Normally I am so busy with school that I don't have time to get too involved politically, but I am addicted to reading the news on the internet, and have learned a lot from Daily Kos. I recently found the petition against No Child Left Behind in the "Teacher's Lounge" (thanks, rserven!), and sent it around to everyone on my email list. Lo and behold, I was asked to do an interview in our local newspaper about it, and although I was nervous about sticking my neck out in public, I have since gotten many positive comments. Many people I run into are also angry about what is happening to our schools, and are more than happy to sign the petition! I find that as these people learn more about how the Bush administration's No Child Left Behind Act is really aimed at dismantling public education (read the footnotes on the petition), they are just as angry as I am over the pablum we are forced to feed students, over the impending and built-in "failure" that all public schools will experience under NCLB (if they haven't "failed" already), and over the resulting lack of real education in our schools. Now, as more people learn about our rapidly disintegrating environment, the more brave they are beginning to be about making themselves heard. I just hope we can all shout loud enough (especially to our legislators) before it's too late.
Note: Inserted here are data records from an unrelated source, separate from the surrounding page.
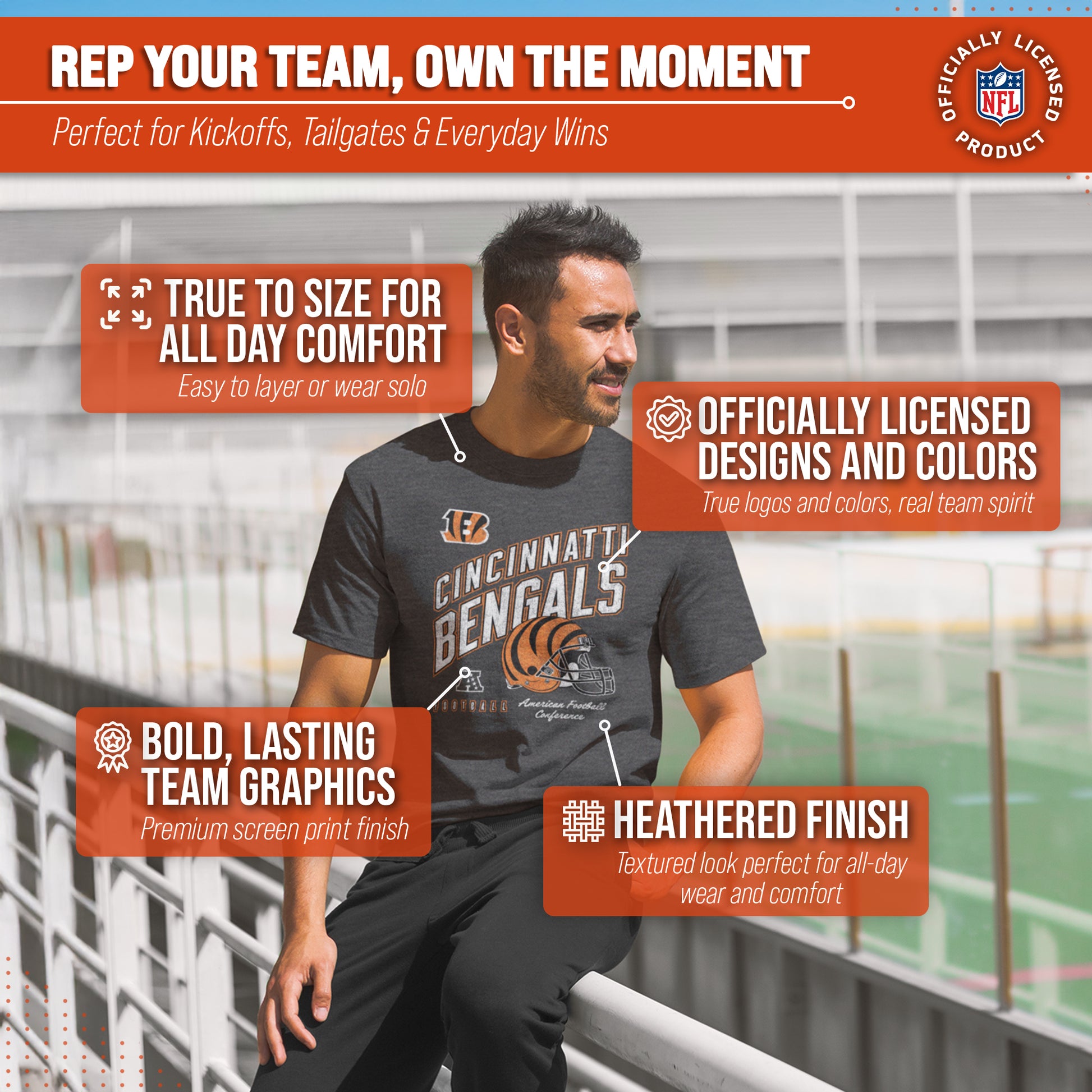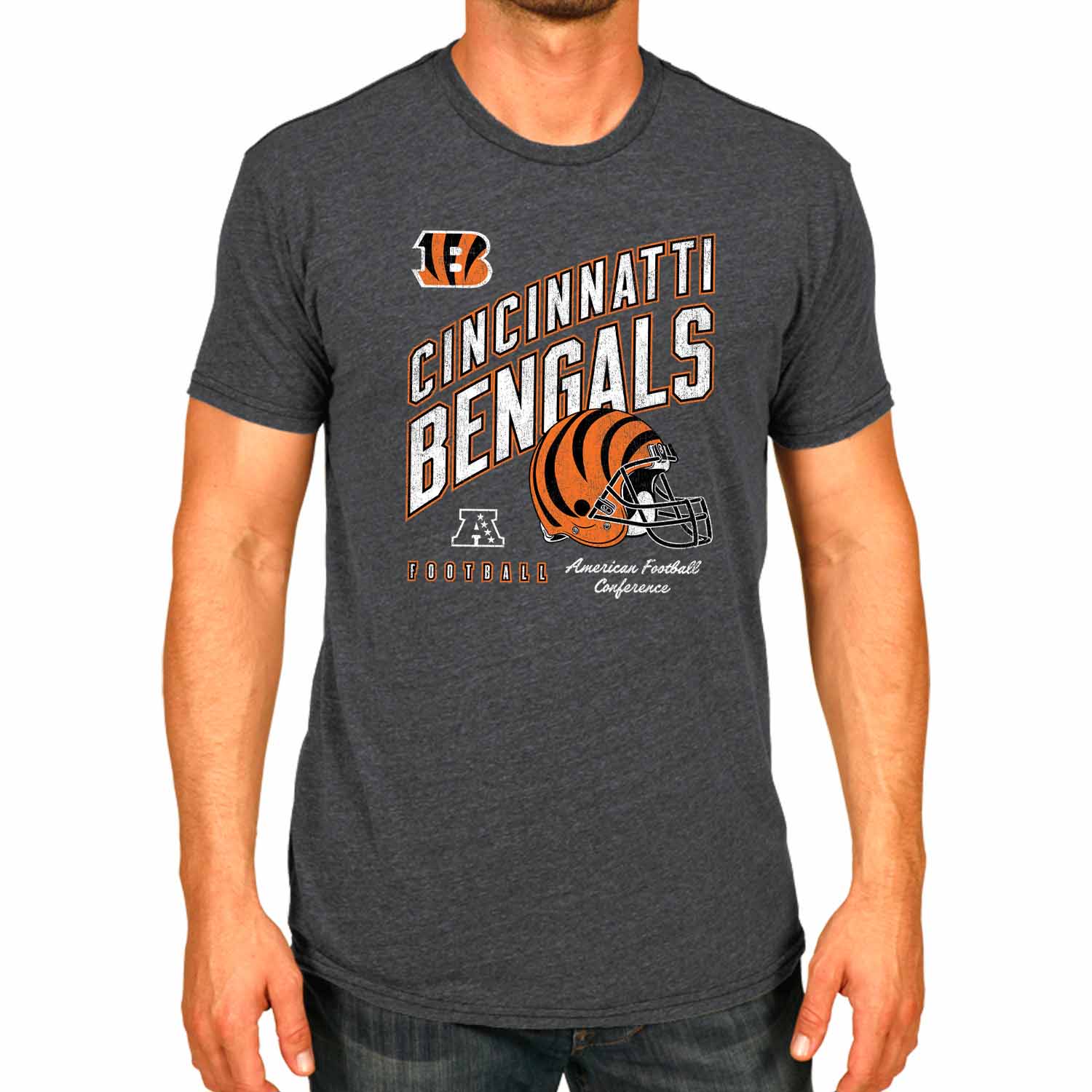 Cincinnati Bengals NFL Adult Distressed Helmet Tag-Less T-Shirt - Heather Charcoal
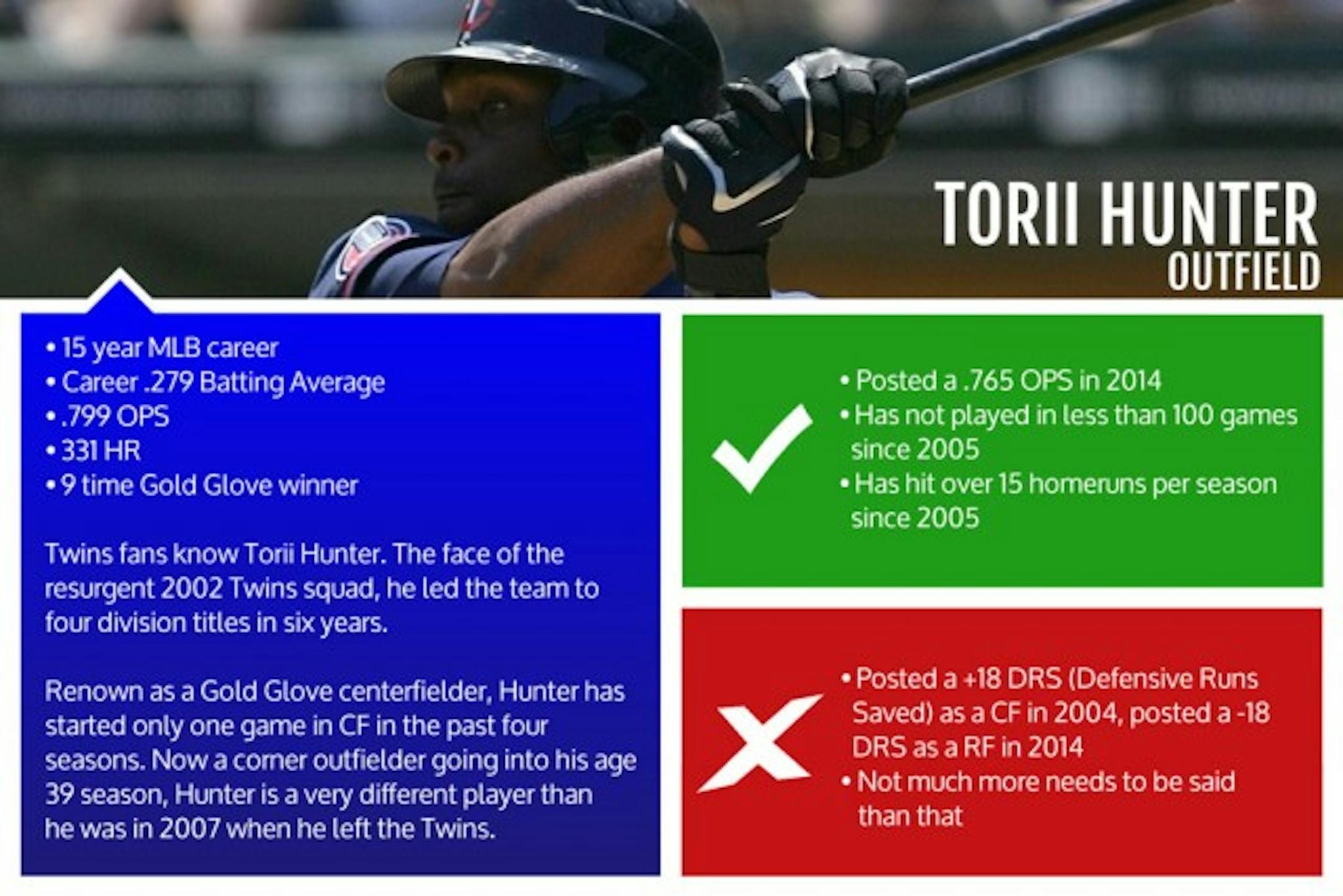 On Tuesday, the Twins made their first big splash of this offseason, signing Torii Hunter to a one-year, $10.5 million deal. And while it's certainly a better move than any of those mentioned above, once again the team seems to be eschewing logic in favor of comfort, familiarity and vague intangibles.Hunter was a fixture -- THE fixture, really -- in Minnesota's run of AL Central dominance from 2002 through 2006, when they won four division titles in five years. He has continued to produce at a consistently excellent level since leaving in '07. There's no denying that he's had a fantastic career and has taken pristine care of his body.
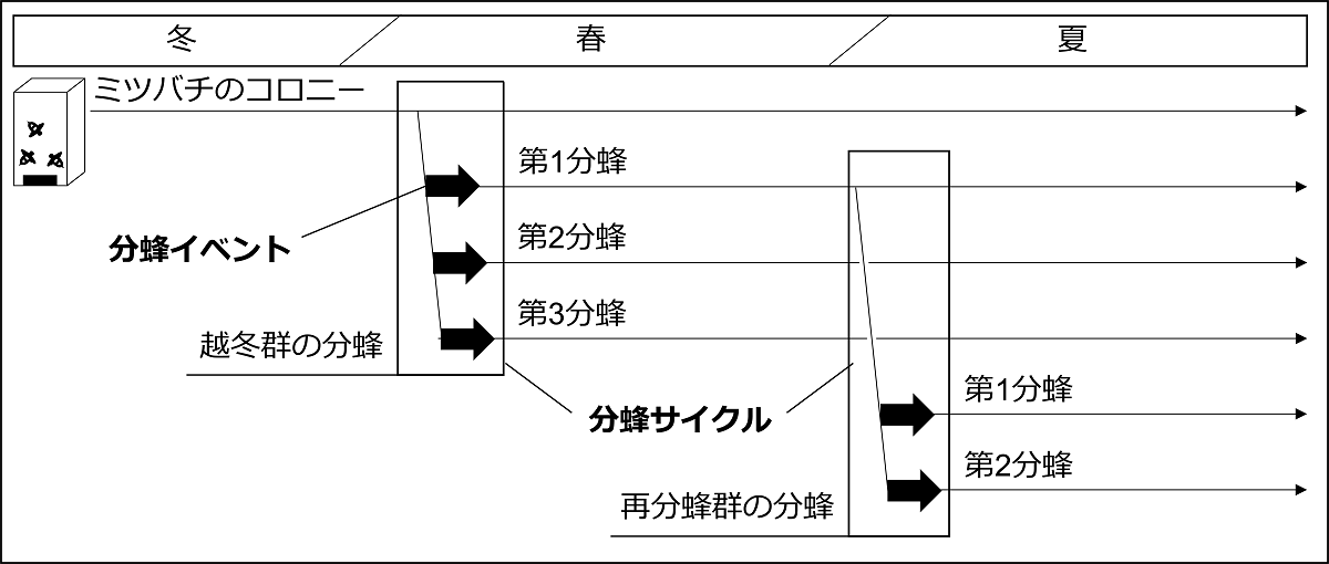 全球規模で生じている気温上昇により多くの動物の行動が変化しています。ミツバチでは、特定の花に訪れる回数が多くなることと、越冬後の活動開始が早まることが報告されています。繁殖行動である「分蜂」においても、春に多く観察され、季節性があるため、気温上昇に伴って変化している可能性がありますが、これまで長期的なデータを取りまとめた研究はありませんでした。分蜂は、女王が多数のワーカー(働きバチ)と共に巣を離れて新たに営巣する行動です。一つのコロニー(蜂群)から次世代の女王が複数羽化した場合、分蜂は複数回生じることがあります。本研究では、各分蜂を「分蜂イベント」、一連の分蜂イベントを「分蜂サイクル」と定義します(図2)。
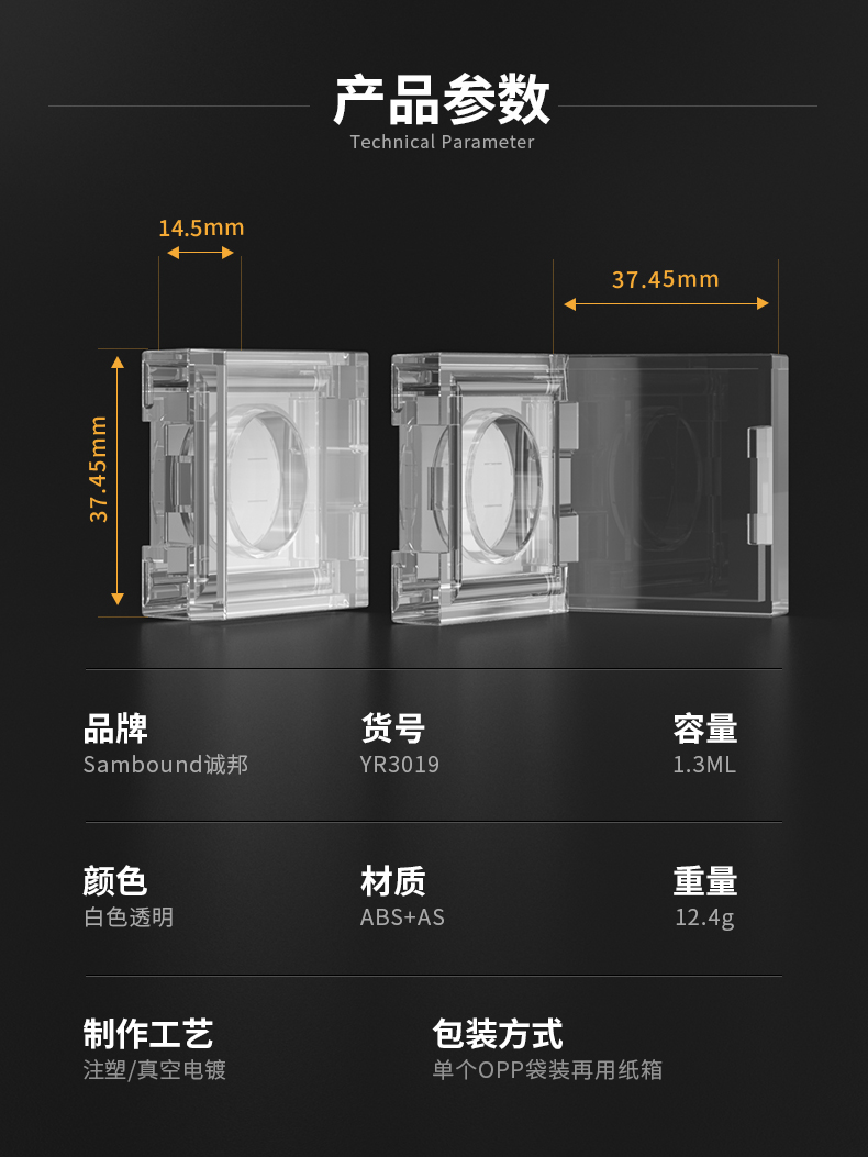 小透明單色空眼影盒包裝定制,小巧方便攜帶,1 3ml容量,兩種內(nèi)格選擇
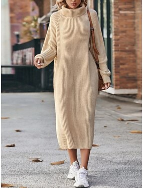 Жен. Вязаная ткань Платье-свитер Элегантный стиль На каждый день Мягкий Чистый цвет Рельефный узор Хомут Бусины Трикотаж Длинный рукав Длинные топы Вязать на открытом воздухе Повседневные выходные

So, here it is ... now I've completed my first-ever diary on DailyKos ... or at least I have run out of steam, at one in the morning. Good thing I don't have school tomorrow. Yet I find that I am getting hotter under the collar as the days go on (just figuratively so far), and am speaking out more and more ... and that the more I do speak and write, the more I find people who agree with me. Being busy is no longer a good enough excuse not to speak out. While Bush and his media shills have been playing their shell games with us, we are losing our liberties, our chances for education, and ultimately, our lives.